The heart of the article is the graph below. It appears to show that the wealthiest people pay a lower tax rate than everybody else and that the rate they pay has fallen over time. Absolutely damning, right? Tax the rich, case closed? Not so fast.

The Times chart uses data from two economists, Emmanuel Saez and Gabriel Zucman, who are currently advising Elizabeth Warren’s presidential campaign and just published The Triumph of Injustice. Saez and Zucman are promoting a candidate and a book. Their data also aren’t checkable by the public.

In contrast, data from non-partisan sources that is easily checkable casts doubt on their claims.

Graph: tax rates graph from New York Times

Graph: federal rate on top 1% nearly unchanged

Graph: poor pay almost no federal tax

Graph: tax code is highly progressive

Graph: most collections are from the upper middle and above

Look Closer at The Times Chart. 

Saez and Zucman prescribe higher taxes on the wealthiest 1%, a group of 3,000,000 people. According to the Times own graph, however, the number of people who are plausibly under-taxed is far less than that. As the circled part shows, the final two points on the graph represent only tiny numbers of people. The wealthier you are, the higher a tax rate that you pay on average: the top 0.01% (30,000 people) pay the highest tax rates according to the Times own data. The chart also indicates that the poorest people give 25% of their income to the government, which is wrong on its face.

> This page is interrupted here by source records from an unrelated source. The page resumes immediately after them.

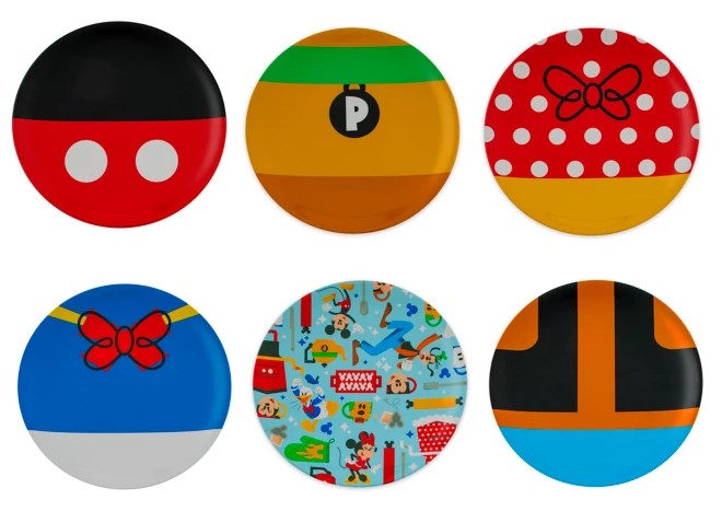 This set includes a Mickey plate, a Minnie plate, a Donald plate, a Goofy plate, a Pluto plate, and a design with all the pals!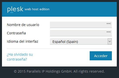 Ahora debería aparecer la pantalla de identificación para acceder a nuestro panel Plesk.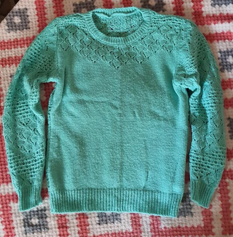 светрик жіночий,ажурна в'язка,стан дуже гарний,приємний м'ятний колір,підійде на розмір 42-46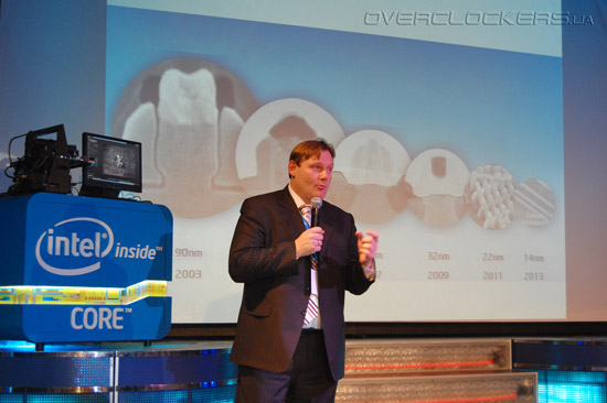 Руководитель представительства Intel в Украине Владимир Шаров на правах хозяина мероприятия выступил с более пространной речью, затрагивающей как философские, так и практические аспекты IT. В частности, было озвучено намерение Intel в 2017–18 гг. перейти на 8 нм техпроцесс производства процессоров, хотя еще недавно такое уменьшение размеров транзисторов многим ученым казалось неосуществимым.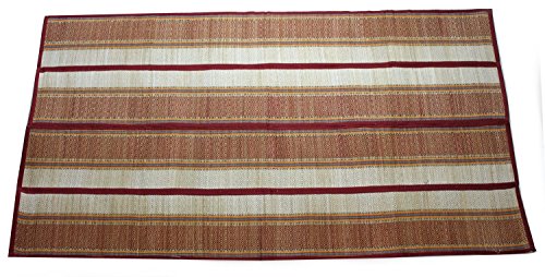 SouvNear Multipurpose Straw Floor Mat - Eco-Friendly Folding Extra Long and Wide - 3 x 6 Feet - Red-White-Green. Handmade natural 'green' fold able straw yoga/beach/picnic/floor mat. Green in the sense that it's made by hand using natural material.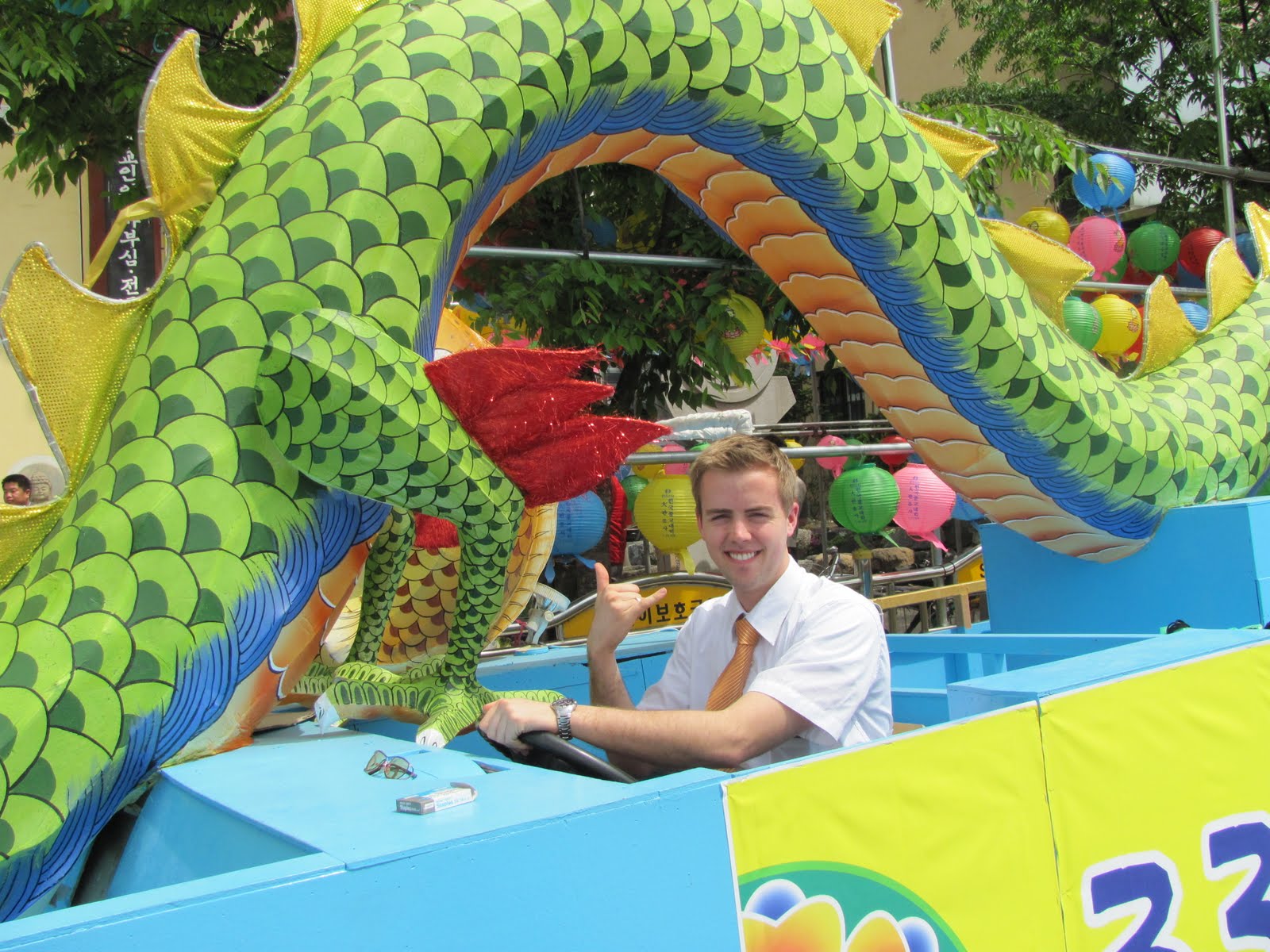 Elder Wade is standing next to a float carrying a dragon that will be a part of one of the parades. They will cover the vehicle when they are ready to move.

Detailed critiques are also available. Bloomberg News directly challenged the Times with a column titled The Rich Really Do Pay Higher Taxes Than You (emphasis added). A key takeaway from the article is that the data points on the left-hand part of their chart are wrong: they need to be netted against the benefit payments low- and middle-income people receive. That correction alone makes the yellow line much steeper than the Times draws it.

Jason Furman, a member of Barack Obama’s Council of Economic Advisors, weighed in on Twitter with some charts, simply stating “The standard data shows that the tax system is overall progressive.”

The Cato Institute responded to the Times column with a write-up titled “Higher Incomes, Higher Tax Rates.” They link to a detailed comparison of Saez and Zucman’s research with that of others, pointing out that the two researchers’ results are the product of highly specific assumptions. Cato also points out problems with the researchers’ older work. A third-party review of the 2018 World Inequality Report, which Saez and Zucman co-authored with Thomas Piketty and others, described their data as “sparse, inconsistent, and unreliable” and “not very consistent with other reputable sources.”It also warned of interpolations that were “beyond heroic.” Perhaps they’ve improved their practices since.

What About the 400?

The most interesting part of the Times graph, the one intended to provoke outrage, is the right-most data point representing America’s 400 wealthiest households. “The 400” will probably become a 2020 campaign meme. 

Most of the wealthy in this country are frugal retirees, not oligarchs. Advocates of higher taxes know this, so they’ve begun focusing on a better political villain than the merely wealthy: “The Wealthiest 400 Families.” The problem with singling out 400 families, though, is that they are not representative of anything in a country of 300 million people. Also, without special access, how does one get accurate tax information about such a private group?

It doesn't make for Times clickbait but there are reasons why a family’s taxes might appear low. One is double taxation. Payments to an individual from a business he owns get taxed first at the business level and then again at the individual level. For example, when the owner of a corporate business earns $1 of profit and pays himself a dividend out of his business he pays a 21% corporate tax rate and a 20% dividend tax. Overall his $1 earnings were taxed at about 36% ($1 x 80% x 80% = $0.64). 

Taxes are Too High on Everybody

The US tax system is indeed objectionable, but not for the reasons the Times article gives. What ought to be striking is that according the Times’ chart everybody in every income bracket pays a 20-30% combined tax rate. All of us are working for months on end just to pay the government. On this matter, however, the Pennsylvania treasury is likely to stay silent.